(Records from a collection)
════

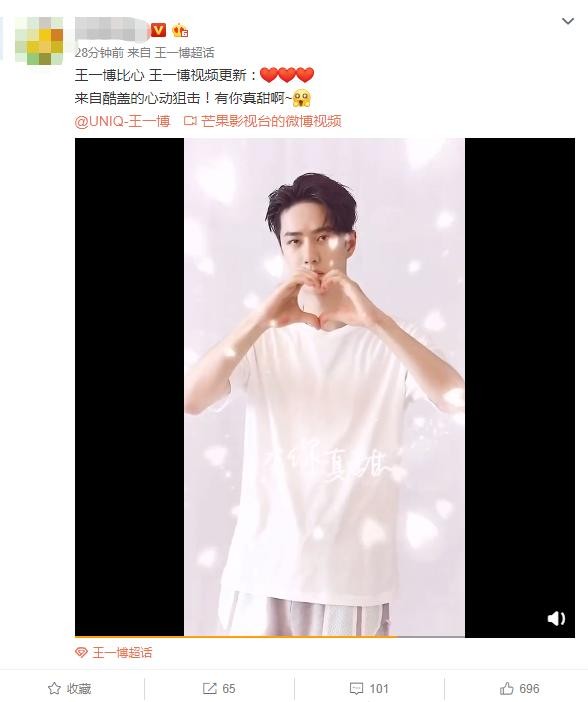 整个视频过程,都是严肃的表情和冷酷的动作。但是每次比心还是被撩到了。粉丝们的评论更甜,评论说他给我们表白了,他说我们好甜,死小孩太浪漫了。表白还那么酷,面无表情还那么帅。这位粉丝说的非常对,面无表情还是那么帅,还是被撩到。
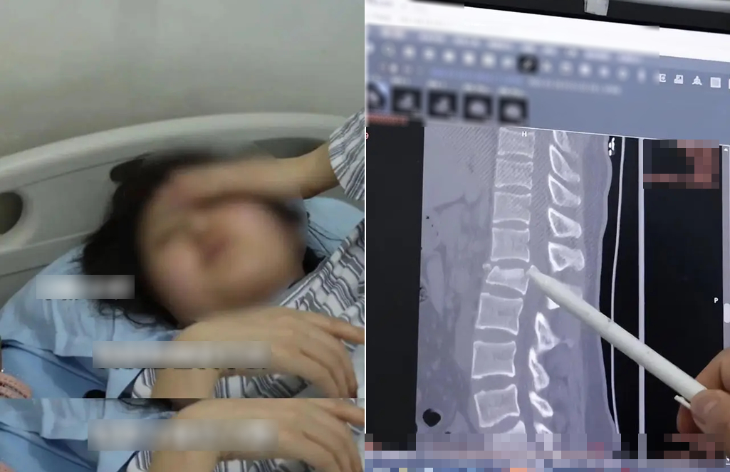 Bác sĩ giải thích rằng các đốt sống thắt lưng của cô gái nêu trên đã bị tổn thương nghiêm trọng, và nguy hiểm hơn, một mảnh xương đã dịch chuyển ra phía sau, chèn ép trực tiếp vào ống thần kinh. Ống thần kinh vốn nguyên vẹn giờ chỉ còn lại khoảng một phần ba chiều rộng.
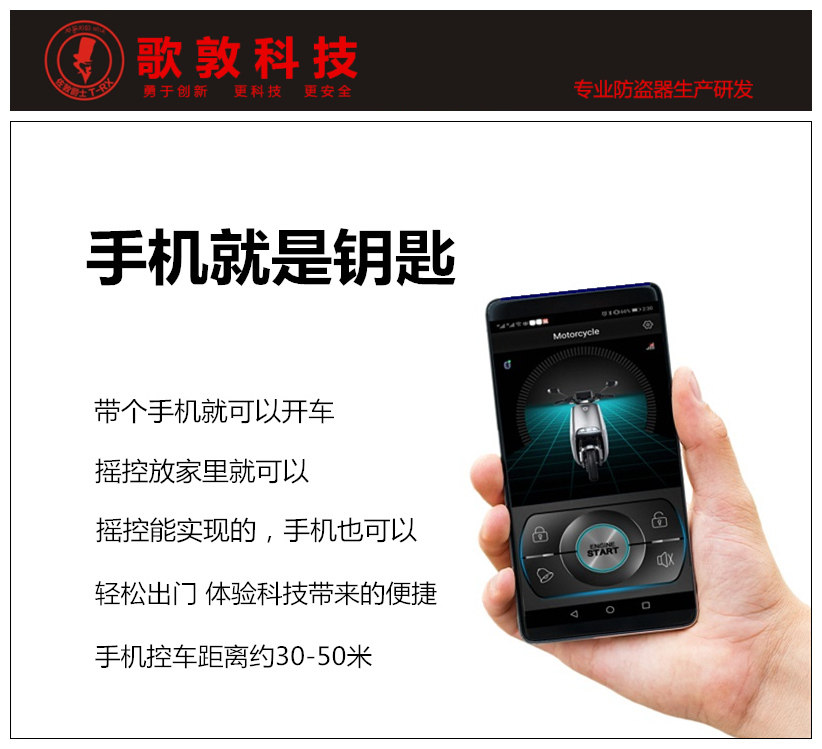 Motorcycle burglar alarm folding key remote control lock start lighter mobile phone Bluetooth APP control car universal
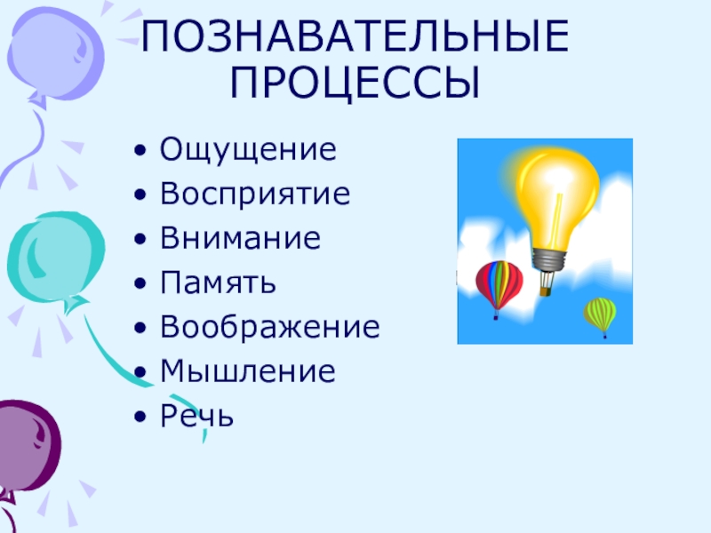 Слайд 5ПОЗНАВАТЕЛЬНЫЕ ПРОЦЕССЫ
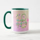 Un arc-en-ciel impressionnant de couleurs, de fleurs roses et de papillons lavande remplit cette tasse d'anniversaire joyeuse pour 18e fillette. Le nom de la fille d'anniversaire en rose peut être personnalisé en modèle fourni. Vous pouvez également profiter des cadeaux et cartes disponibles dans la section Anniversaire de mon studio sur Zazzle. ©AnuraDesignStudio Tous droits réservés
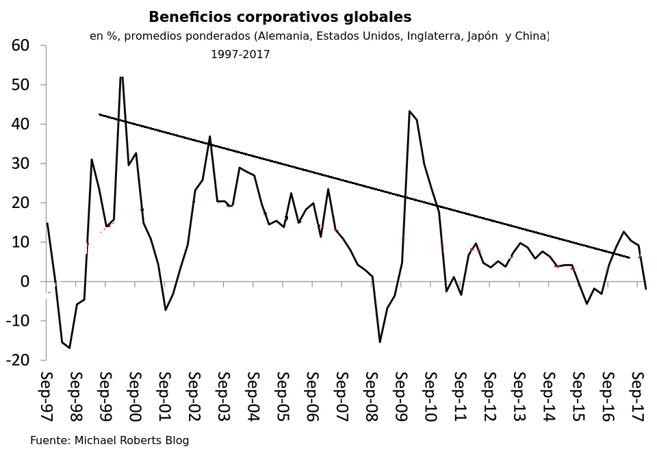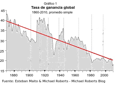 Una de ellas es la declinación tendencial plurisecular de la tasa de ganancia que se fue manifestando a lo largo del siglo XX para llegar más recientemente a una suerte de piso provisorio muy bajo, que probablemente este anunciando una futura caída catastrófica (numerosos indicadores financieros, energéticos, laborales, de demanda, etc. así lo indican) lo que confirma una de las hipótesis decisivas de Marx (Gráficos 1, 2 y 3).
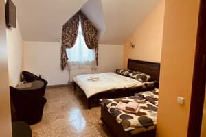 Гостиница "Hotel" расположена на красной ветке метро, расстояние до центральной части города составляет 11 км. Недалеко от отеля находится супермаркет «АТБ». В нескольких шагах от гостиницы есть автобусная остановка. Вблизи "Hotel" также находится Торгово-развлекательный центр «Караван». Номерной фонд отеля состоит из пяти комнат класса Стандарт. Апартаменты оснащены кондиционером, холодильником, электрочайником и приспособлениями личной гигиены. На территории "Hotel" есть бесплатный вай-фай и парковочные места, которые находятся под охраной.
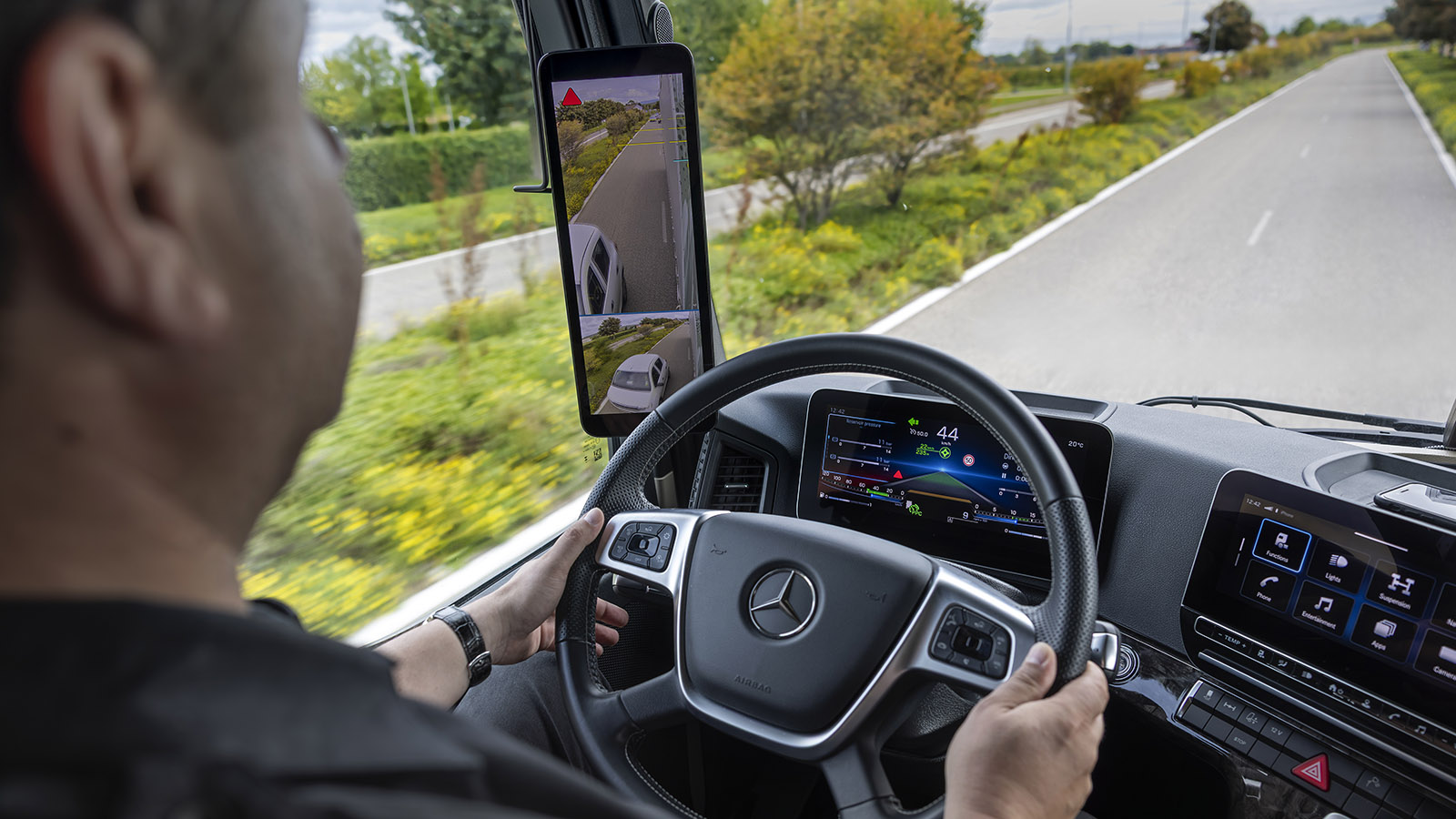 το Actros L φέρεται να καλύπτει κι εδώ ένα ευρύτατο φάσμα από λειτουργίες, που βοηθούν τους οδηγούς να αναγνωρίζουν έγκαιρα τους κινδύνους και να φρενάρουν εγκαίρως, εστιάζοντας στην καταπολέμηση της κόπωσης, του άγχους ή της απόσπασης.
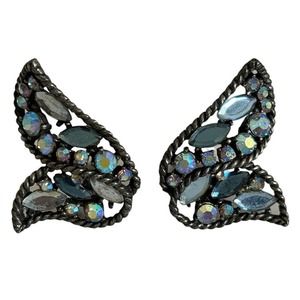 Mode Art Clip On Earrings Blue Silver Tone Aurora Borealis Rhinestone Vintage

════

## Task details
Transcribe the lines above exactly, setting aside any picture among them.

## Expected output
 整个视频过程,都是严肃的表情和冷酷的动作。但是每次比心还是被撩到了。粉丝们的评论更甜,评论说他给我们表白了,他说我们好甜,死小孩太浪漫了。表白还那么酷,面无表情还那么帅。这位粉丝说的非常对,面无表情还是那么帅,还是被撩到。
 Bác sĩ giải thích rằng các đốt sống thắt lưng của cô gái nêu trên đã bị tổn thương nghiêm trọng, và nguy hiểm hơn, một mảnh xương đã dịch chuyển ra phía sau, chèn ép trực tiếp vào ống thần kinh. Ống thần kinh vốn nguyên vẹn giờ chỉ còn lại khoảng một phần ba chiều rộng.
 Motorcycle burglar alarm folding key remote control lock start lighter mobile phone Bluetooth APP control car universal
 Слайд 5ПОЗНАВАТЕЛЬНЫЕ ПРОЦЕССЫ
 Un arc-en-ciel impressionnant de couleurs, de fleurs roses et de papillons lavande remplit cette tasse d'anniversaire joyeuse pour 18e fillette. Le nom de la fille d'anniversaire en rose peut être personnalisé en modèle fourni. Vous pouvez également profiter des cadeaux et cartes disponibles dans la section Anniversaire de mon studio sur Zazzle. ©AnuraDesignStudio Tous droits réservés
 Una de ellas es la declinación tendencial plurisecular de la tasa de ganancia que se fue manifestando a lo largo del siglo XX para llegar más recientemente a una suerte de piso provisorio muy bajo, que probablemente este anunciando una futura caída catastrófica (numerosos indicadores financieros, energéticos, laborales, de demanda, etc. así lo indican) lo que confirma una de las hipótesis decisivas de Marx (Gráficos 1, 2 y 3).
 Гостиница "Hotel" расположена на красной ветке метро, расстояние до центральной части города составляет 11 км. Недалеко от отеля находится супермаркет «АТБ». В нескольких шагах от гостиницы есть автобусная остановка. Вблизи "Hotel" также находится Торгово-развлекательный центр «Караван». Номерной фонд отеля состоит из пяти комнат класса Стандарт. Апартаменты оснащены кондиционером, холодильником, электрочайником и приспособлениями личной гигиены. На территории "Hotel" есть бесплатный вай-фай и парковочные места, которые находятся под охраной.
 το Actros L φέρεται να καλύπτει κι εδώ ένα ευρύτατο φάσμα από λειτουργίες, που βοηθούν τους οδηγούς να αναγνωρίζουν έγκαιρα τους κινδύνους και να φρενάρουν εγκαίρως, εστιάζοντας στην καταπολέμηση της κόπωσης, του άγχους ή της απόσπασης.
 Mode Art Clip On Earrings Blue Silver Tone Aurora Borealis Rhinestone Vintage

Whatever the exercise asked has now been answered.